Jülich. Nach langen und zähen Verhandlungen ist gestern der Verkauf des Solarturms Jülich von den Stadtwerken an das Deutsche Zentrum für Luft- und Raumfahrt (DLR) perfekt gemacht worden. Das hat der Jülicher Kommunalversorger nach Vertragsunterzeichnung beim Notar mitgeteilt. Über die Konditionen hüllen sich alle Seiten in Schweigen.

Der Erlös der Stadtwerke beträgt nach Informationen unserer Zeitung 7,5 Millionen Euro. Dabei handelt es sich keinesfalls um einen „Gewinn”, sondern dieser Betrag deckt von 2008 bis heute nicht einmal die Kosten, die durch das ehrgeizige Projekt entstanden sind. Allerdings hat das städtische Eigenunternehmen mit seinem Engagement einer für ganz Deutschland wichtigen Technologie entscheidend den Weg geebnet.

Stadtwerke-Geschäftsführer Ulf Kamburg bestätigte auf Anfrage, dass das „finanzielle Gesamtengagement” seines Unternehmens „sicherlich negativ” gewesen sei, aber der Verkauf für sein Unternehmen die bestmögliche Option darstelle. Außerdem stehe mit dem DLR ein renommierter Betreiber hinter dem solarthermischen Demonstrations- und Versuchskraftwerk. Kamburg: Der Verkauf „ebnet den Weg, das Solarkraftwerk zu Forschungs- und Entwicklungszwecken weiter zu betreiben”.

Das Deutsche Zentrum für Luft- und Raumfahrt hat eigens ein neues Institut für Solarforschung gegründet und wird am Standort Jülich künftig schnell und „in einem anwendungsnahen Maßstab” testen können, wie DLR-Vorstand Professor Ulrich Wagner erklärte. Für die Übernahme des Turms und den Institutsausbau hat das Land ingesamt 27 Millionen Euro für fünf Jahre zugesagt und bereits 60 Prozent davon bereitgestellt.

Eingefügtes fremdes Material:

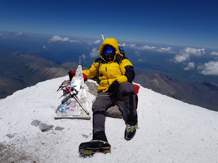 После отдыха мы медленно поползли вверх. Тут я воспользовался методом, который выработал еще при подъеме на скалы Пастухова - вообще не смотреть вверх, смотреть только на ноги впередиидущего и просто шажок за шажком. Это адище продолжалось около двух с половиной часов. Но, что забавно, я уже не особо парился по поводу нехватки кислорода. Разумеется, тут дело не в физической адаптации, а скорее в психологической. Мысли развернуться и уйти меня уже не посещали. Когда перила закончились, мы остановились на привал. Впереди был еще небольшой подъем, метров пятнадцать, а что за ним, видно не было. После привала пошли дальше. Забрались на подъем, а там большое плато, в конце которого небольшой холмик, который и был вершиной. Нашей радости не было предела. Все ломанули к холму и ... моментально сдохли. Мы кое как подползли к подножью вершины и устроили еще один мини привал, чтоб хоть как-то отдышаться. Холмик оказался не такой уж и маленький - метров десять в высоту. Пожалуй, это были для меня самые сложные десять метров. Знаете, какая первая мысль посетила мою голову, когда я взобрался на вершину? "Капец! Как же я устал!". Но очень быстро ее сменила другая - "Твою мать, это ж надо будет еще назад переться через весь этот булыжник-переросток". И все. Ни радости покорения вершины, ни осознания достижения цели, ни ощущения того, как нефигово подросло моё чсв. К тому же формально это еще не считалось восхождением. Да, я сделал фотку на вершине, но эту фотку еще нужно было доставить вниз в целости и сохранности.
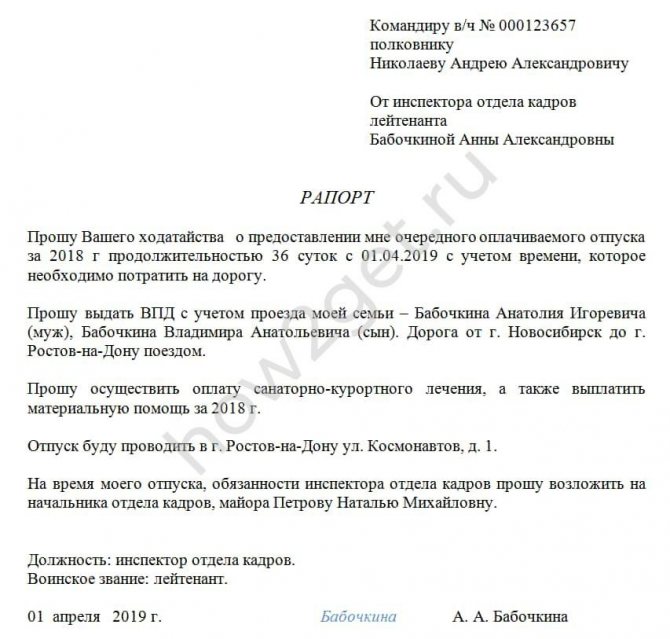 Основания для отдыха и причины необходимости его получения военный излагает в рапорте. Его нужно оформлять для:

Auch der Co-Direktor des neues DLR-Institutes, Professor Bernhard Hoffschmidt, blickt nach vorn: „Mit dem Solarturm haben wir gezeigt, dass die Technologie der Turmkraftwerke als Gesamtsystem funktioniert. Jetzt geht es darum, neue Verfahren und Materialien zu entwickeln.” Also: Auch in Jülich wird nun ordentlich investiert.